In his Budget on 8 July, the Chancellor announced major changes to the way non-domiciled individuals (“non-doms”) will be taxed in the UK from April 2017. These changes are not nearly as far reaching as those proposed by the Labour Party in the run up to the General Election.
Budget Changes 2015
Someone that is considered non-domiciled under general legal principles will be treated as if they are UK domiciled once they have been UK resident for 15 out of 20 years. This deemed UK domicile status will apply for the purposes of all the different taxes in the UK, such as income tax, capital gains tax and inheritance tax. Once the individual is deemed UK domiciled under this rule, they will no longer be able to claim the benefits of the “remittance basis” regime whereby non-UK income/gain is not taxed in the UK if not remitted to the UK.
They will be forced to pay tax on their world-wide income and gains in the same way as UK domiciled individuals. However, the general legal principles for determining domicile status will still apply, for example to the children of non-doms. A deemed UK domiciled individual under the 15 year rule will lose this status if they leave the UK only if they remain outside the UK for more than 5 tax years. This 5 year rule will be extended to UK domiciled individuals who have been resident in the UK for more than 15 years, replacing a similar 3 year rule that currently exists.
Individuals who have a UK domicile when they are born but who acquire a foreign domicile during their lifetime (for example, after emigrating from the UK) will become UK domiciled again should they return to the UK. Also, they will not receive favourable tax treatment on returning to the UK in respect of any offshore trust etc. arrangement set up whilst they were previously considered non-domiciled. It will be possible for these individuals to lose their UK domicile status again on leaving the UK subject to meeting various criteria.
From 6 April 2017 onwards, the government’s intention is that all UK residential property will become liable to UK inheritance tax whether it is owned by a non-dom directly or indirectly via an offshore company or an offshore trust. There will be a consultation period prior to the law being introduced. The intention is that “excluded property trusts” will continue to be effective for other UK and non-UK assets held offshore.

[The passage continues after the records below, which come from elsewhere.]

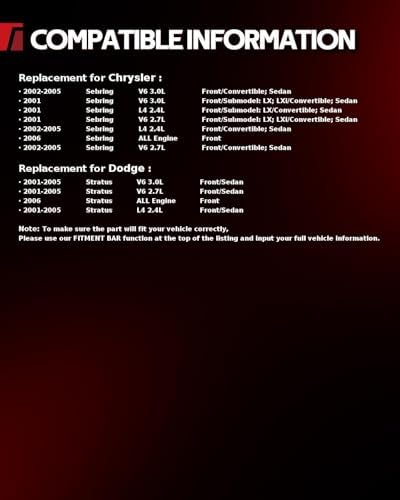 - 【Vehicle Fitment】Torchbeam brake kit fit for 2001-2005 Chrysler Sebring 2.7L, 2001-2005 Dodge Stratus 2.4L, 2006 Chrysler Sebring, 2001-2005 Chrysler Sebring 2.4L, 2006 Dodge Stratus, 2001-2005 Dodge Stratus 2.7L, 2001-2005 Dodge Stratus 3.0L, 2001-2005 Chrysler Sebring 3.0L
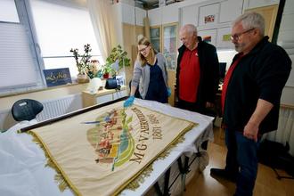 Die restaurierte Fahne hat auch eine sehr hübsche Rückseite (v.l.: Anna-Maja Lyko, Winfried Ley, Burkhard Hoffmann)
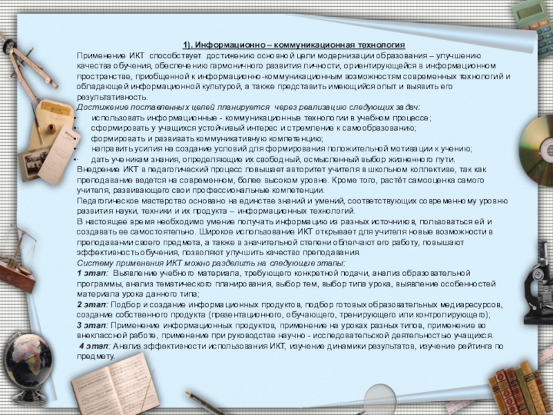· использовать информационные - коммуникационные технологии в учебном процессе;
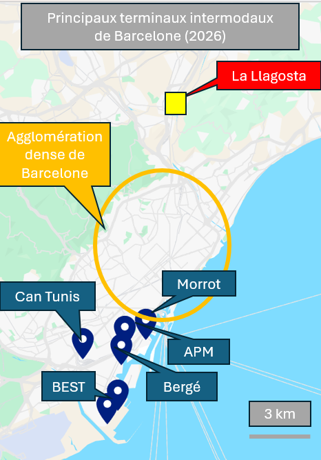 Ce mois de janvier 2026 voit l’ouverture au trafic du terminal intermodal de Barcelone – La Llagosta. A cette occasion, nous proposons aux lecteurs de la Combilettre de faire la connaissance de ce nouvel équipement appelé à améliorer sensiblement l’offre en combiné rail-route dans la péninsule ibérique ainsi que de et vers le reste de l’Europe. C’est l’objet de ce Dossier du mois, le premier de la nouvelle année !
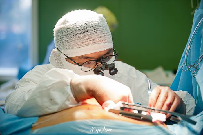 Сначала травматологи соединили и зафиксировали кости плеча, ножами картофелекопалки срезало мышцы и кожу руки под основания, но от плеча остался небольшой кусок кости длиной 6 см. Дальше за дело взялся опытный сердечно-сосудистый хирург Булат Раднабазырович. Сначала он соединил плечевую артерию, где произошел диастаз - не хватало 5 см, для этого ему пришлось нарастить небольшой участок артерии кусочком вены, взятой с правой ноги. После соединения артерии кровь пошла по руке и стало видно какие вены можно соединить. Далее нейрохирурги начали сшивать поврежденные нервы. Врачи в течение пяти часов боролись за то, чтобы восстановить его руку.

In summary, these new rules will bite mainly on the affairs of long term non-doms residing in the UK and also for UK doms returning to the UK, but the positive news is that non-doms that base themselves in the UK for relatively short periods of time can continue to enjoy the significant advantages of the remittance basis regime, such as “Overseas Workday Relief”, whereby earnings relating to non-UK employment duties can avoid UK income tax if not remitted to the UK. Read our previous article which comments on this and some of the other UK tax advantages that are available to non-doms.
This is a highly complex area and there is no substitute for taking proper and specific advice on your own personal circumstances.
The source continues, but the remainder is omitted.